The external processor has two parts, the behind the ear (BTE) speech processor and the transmitter magnet that conducts the sound signals to the internal device by electromagnetic induction. Mine will look like this:


(image from http://ciborg.lillarosin.com/en/tag/advanced-bionics)

There are many wonderful sites and blogs explaining more about how the device works, many of which have been invaluable to me in my evaluation.

Countdown to becoming a cyborg: 12 days. After the device is implanted, the surgical site heals, the external processor is turned on, and then the real journey begins. Countdown: almost one month.

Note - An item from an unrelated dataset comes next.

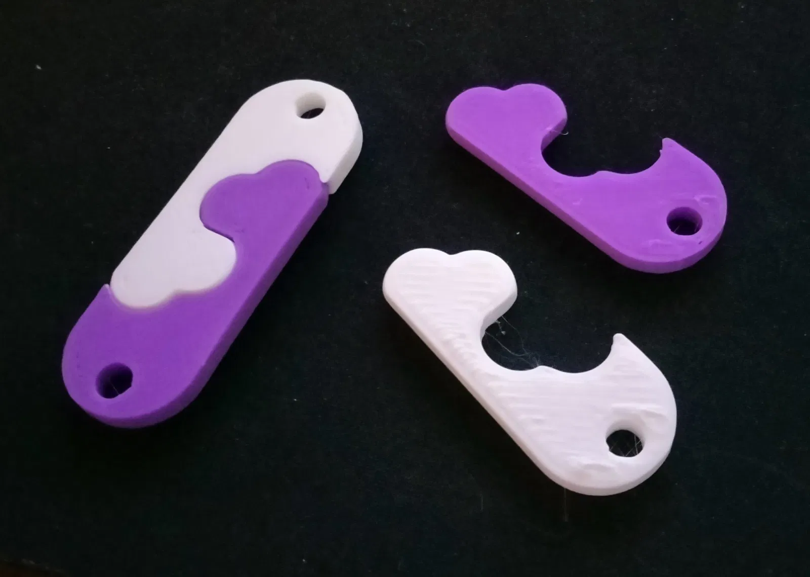 Một móc chìa khóa gồm hai mảnh ghép lại với nhau bằng hình trái tim.

My experience is especially interesting, because I am getting implanted at a later age. Most cochlear implant recipients are either small children whose parents decide to have them implanted, or older people who have lost their hearing later in life. Since stimulation of the auditory nerve is essential to establishing the neural connections that allow the brain to maximally interpret sound, anyone in my situation is at an inherent disadvantage. Although I have worn hearing aids my entire life, the amount of stimulation they have provided my brain is perhaps minimal. We shall see. Although encouraged by some specialists, my own parents declined to implant me when I was young because they wanted me to make that decision for myself - something for which I will always be grateful. But, in my situation, I find myself oddly alone. There is a general lack of prelingually deaf implantees out there. This is a complex and somewhat political topic, but again - more later.

Before closing, a final note: I struggled with what to title this blog. At first, I composed a list of phrases and puns involving the word "ear," and tried to think of some play on the word "audible." Longing to be clever, I knew I did not want to choose something like "Rachel's Cochlear Implant Blog." This journey is about far more than hearing, far more than cochlear implants - it encompasses fundamental questions about identity, communication, and interaction. (If this does not make sense now, I hope that it will soon.) In the end, the title "Perception Unearthed" seemed to fit. I pray that my cochlear implant journey will teach me far more than just hearing. I pray that it will uncover, or unearth, startling insights, lessons, and perceptions about myself and my world. I constantly dwell on clarity and discovery. And, as a means to attain this, I write.